# removing 2nd wall in o'day 25 to make room for larger bed



## Davidlion

hi guys, 

i have an o'day 25 with a very comfortable cabin. i've had the boat for ten years and my biggest problem with this boat is that it is difficult to sleep on because the bed area in the bow of the boat is too small. 

there is a little head area that separtes the stateroom from the cabin, and it is blocked off by two very thin walls. 

i would like to knock down one of the walls, completely remove the head to make way for a larger bed. 

should i be concerned about removing this wall? i'm sure that it provides some sort of support to the boat, however i'm only interested in removing one wall, not both. would this be disastrous to the boat to remove it? the material that is holding up this wall is very wake, i cann't imagine that it bears that much weight. but before i do it i want to be completely sure that my boat won't twist like a corck screw from any stress. i sail the boat pretty hard every summer. 

David


----------



## deniseO30

The wall is called a bulkhead. Before you rip and tear, make sure it's not holding chain plates (anchor points for the mast cables) and or acting as a compression support for the deck mounted mast (if you have a deck mounted mast) 
Welcome to SN!


----------



## tschmidty

Do you generally have company or are you solo? Do you have the dinette or port/starboard settees? What are your plans for a head after you take out the old one? 

Reason I ask is because I think it makes more sense to set up a sleeping area in the main cabin. Add some plywood to support the bed, move some cushions and you're done. You then still have a head and a great storage place which is the best use for a v-berth on a small boat I think.


----------



## jimd333

I wouldn't mess withe the bulkheads. They are important structural members and besides spreading deck forces, they keep the shrouds from pulling the hull together...like squeezing a tube of toothpaste.


----------



## cb32863

Those bulkheads are not very structural.

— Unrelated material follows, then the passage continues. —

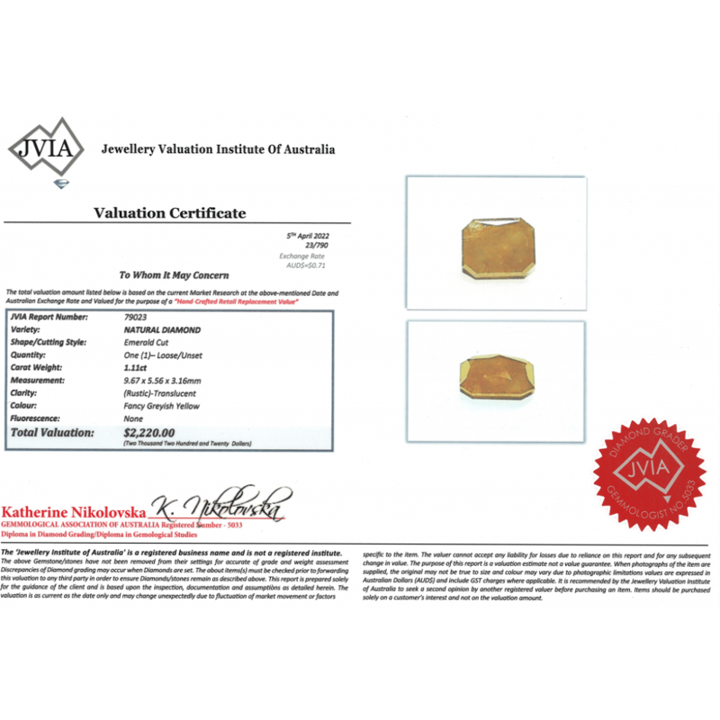 1.11CT NATURAL FANCY YELLOW DIAMOND Emerald Cut, Fancy Greyish-Yellow, Translucent, Loose, Unset. Valuations Provided by an Independent Third-Party Professional Not Directly Associated With Lloyds Auctions at AUD $$2,220.00This valuation has been conducted by an independent third-party professional. The valuation amount is an assessment by the issuing valuer and does not reflect the auction value of the item. Any inquiries regarding the valuation should be directed to the issuing valuer (refer to contact details on the certificate), as Lloyds Auctions has no affiliation or influence over the valuation, the valuer, or the stated amount. 0645928+2337

The main, thinker ones with the chainplates, yeah, leave those alone. I have seen mods where people have built a "lattice" box our of plywood that makes the two setees in the main salon in to one large berth. Might be easier to do that as you are going to probably want to keep the head and sink. You can store the parts for the biog berth in the v-berth and just quick set it up in the evenings. I think there are pics of this over at SBO in the O'Day area.


----------



## stpabr

Buy a house or a bigger boat


----------



## Minnesail

cb32863 said:


> I have seen mods where people have built a "lattice" box our of plywood that makes the two setees in the main salon in to one large berth.


I did this on my little boat, we now have a sleeping area that's a bit bigger than a full mattress. Not bad for a Catalina 22! Also probably way easier than knocking out bulkheads.


----------



## i_amcdn

Hmmm...I went the other way on our Edel 665....I installed a half wall between the "salon" and the v-berth. And added a hanging area opposite to hang the PFDs. Created some privacy for the porta potti that is in the v-berth,


----------



## albrazzi

Lots of 30 footers have a hole in a locker bulkhead you just put your feet in. Google some older tartan 30s and see what I mean. Might work for you. Rest your feet on the Toilet seat and hope no one needs it while you're asleep. Or fashion a door that when closed maintains the head and drops down over the seat.


----------



## VickiLee

Yup! Buying a horse or a boat is a good idea.


----------



## SHNOOL

Interjecting ONLY to show a picture of AN interior to an Oday 25... Note chainplates are on the AFT of the 2 forward bulkheads, not on the one in question.  I think it's a masthead rig so there may be another set of chainplates on the forward bulkhead for forward lowers.


----------